Il ne s’agit pas de recherches occultes ou, comme rapporté à mots couverts, d’une certaine propension à … flirter avec l’eugénisme et à ses dérives. Il ne s’agit pas de quête spirituelle toute honorable que soit celle-ci ; et la recherche de la Pierre Philosophale et du Graal ou l’authentification des Mystères Tantriques ne sont pas de notre compétence. Il n’y a pas d’objectifs médicaux obscurs, encore moins secrets ou de rêves hallucinés de greffes monstrueuses. Non ! rien de tout ça. Notre rôle, bien plus humble, est de collecter, d’analyser, de conserver et transmette les sentiments et les émotions de notre Humanité. En un mot : de rassembler des échantillons de toutes ces émotions humaines, de tous ces sentiments, de toutes les formes d’affections, de toutes les composantes des humeurs de l’esprit. Nous collectons ces données pour nos enfants, pour les générations futures, pour nos descendants. Toutes ces données sous formes complexes de prélèvements sanguins ou humoraux sont enfermées dans des silos sécurisés et seront ainsi à disposition pour nos lointains héritiers. Ces données seront autant de Pierres de Rosette permettant à nos lointains légataires de comprendre avec peut-être plus d’acuité notre monde et d’appréhender avec tolérance et confiance leur propre avenir tel qu’il s’offrira à eux. Quant aux expériences que nous menons, elles sont tout à fait neutres et effectuées dans le plus strict esprit scientifique.

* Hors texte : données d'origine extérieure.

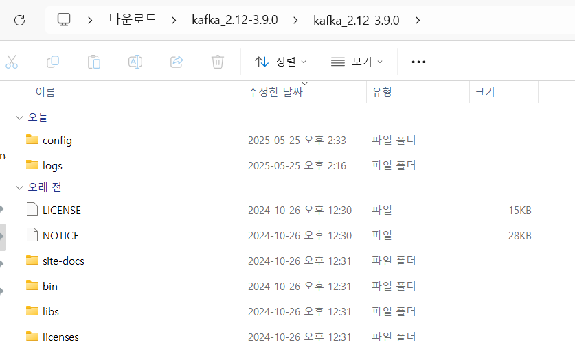 1) Apache kafka 3.9.0 다운로드 및 압축 풀기

Dans certains domaines des émotions, il y a pléthore de candidats. Dans d’autres, plutôt une sorte de disette. Il n’y a pas d’échelle des valeurs, nous ne sommes pas des juges. Nous avons traité sur le même pied d’égalité et avec le même souci d’impartialité, le porteur de maladresse, pour ne pas dire de sottise, et le porteur de tendresse ou de sérénité. Nous ne sommes ni procureurs, ni censeurs. Nous ne jugeons pas, nous ne pesons pas, à fortiori nous ne condamnons… Nous collectons et préservons, transmettons. Nos héritiers seront libres de leur jugement. Par le message que nous leur faisons parvenir, par cet instantané, nous leur disons avec humilité : voilà notre monde, voilà nos joies, nos peines, nos espérances et nos doutes ; voilà votre passé.

archives de résultats

A cet instant, sur les écrans latéraux, apparurent des photos de rayonnages étirés à perte de vue. Ils étaient chargés d’éprouvettes soigneusement identifiées. Quelques étiquettes s’affichèrent en gros plan : « Sincérité 0 1435 », « Appréhension 0 2867 », « Colère 0 1836 », « Ennui…», « Sérénité…», « Confiance… Aversion… Tristesse… Mépris… Joie…», puis par un effet de perspective, elles défilèrent par myriades, méthodiquement alignées, calibrées, classées, entreposées sur toute la hauteur d’un vaste entrepôt, ce qui procura une sensation de vertige.

Le Directeur reprit :

Il n’y a… comment dire ?… que deux phénomènes… que nous n’avons pas pu circonscrire par la méthode globale de l’échantillonnage : l’Amour, qui s’est toujours dérobé à la moindre approche statistique, affirmant ainsi son entière liberté et sa totale évanescence. Et… l’Imagination que nous n’avons su borner, réduire, quantifier ou classifier.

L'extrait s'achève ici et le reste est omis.